Volcanic in origin, Indian Rock is the largest of a number of similar rhyolite rock formations in the vicinity, including the smaller rocks in the portion of the park on the east side of Indian Rock Ave. For example, only one block farther up the east side of Indian Rock Avenue is the  Mortar Rock Park, which has its own complex of granite outcroppings.  Many remains of acorn-grinding pits carved into solid rock can be found in all these outcroppings, especially the aptly named Mortar Rock. These pits were made by the local indigenous people, the Huichin band of the Ohlones.

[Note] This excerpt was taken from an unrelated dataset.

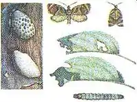Розмах крил метелика: самки — 26-27 міліметрів, самця — 19-21 мміліметри. Передні крила від коричневого до коричнево-сірого кольору. У самки широка буро-коричнева перев'язь на передніх крилах, у самця плями оксамитові, темно-коричневі. Середня перев'язь не доходить до переднього краю крила. Задні крила світло-коричневі. Відкладають купками яйця жовтого кольору. Яйцекладка вкрита зверху цементуючою воскоподібною речовиною, і нагадує грудочку вапна розміром 0,3х0,8 сантиметри. Забарвлення гусениць від світло-сірого до сірувато-зеленого і, нарешті, оксамитово-чорного. Голова, грудний і анальний щитки блискучо-чорні. Довжина гусениці 20-25 мм. Лялечки завдовжки 15-16 міліметрів у самок і 11-12 міліметрів у самців, колір їх матово-чорний. На передньому краї першого черевного сегмента є горби, кінець черевця дуже витягнутий і має вісім гачечків.

The land for Indian Rock Park was donated to the City of Berkeley by Duncan McDuffie, a real estate mogul, Sierra Club president and mountaineer, during Mason McDuffie's development of the Northbrae area. It was dedicated for park purposes in 1917. Indian Rock has long been used as a practice site for serious rock climbing, particularly bouldering. Members of the Sierra Club began climbing there regularly on weekends at least as early as the 1950s. Richard M. Leonard, the "father of modern rock climbing", and noted environmentalist David Brower, founder of Friends of the Earth, learned rock climbing and developed their mountaineering techniques at Indian Rock. Brower used this special knowledge to prepare training manuals during World War II, which proved critical in enabling the 86th Regiment of the U.S. Army to surprise the Germans at Riva Ridge in the North Apennines in Italy, the major action disrupting German lines in southern Europe.

Description
The top of the main outcropping, Indian Rock, has views that encompass sights from downtown Oakland and the University of California, Berkeley campus to the south; central Berkeley,  San Francisco Bay, and San Francisco to the west; and Marin County and Richmond, California to the northwest and north. All three of the bay's largest bridges can be seen from the rock. 

Indian Rock Path, a public walkway, connects the park to the intersection of Solano Avenue and The Alameda. The main part of Indian Rock itself has two sets of steps leading to its summit that were carved into the rock during the Depression years.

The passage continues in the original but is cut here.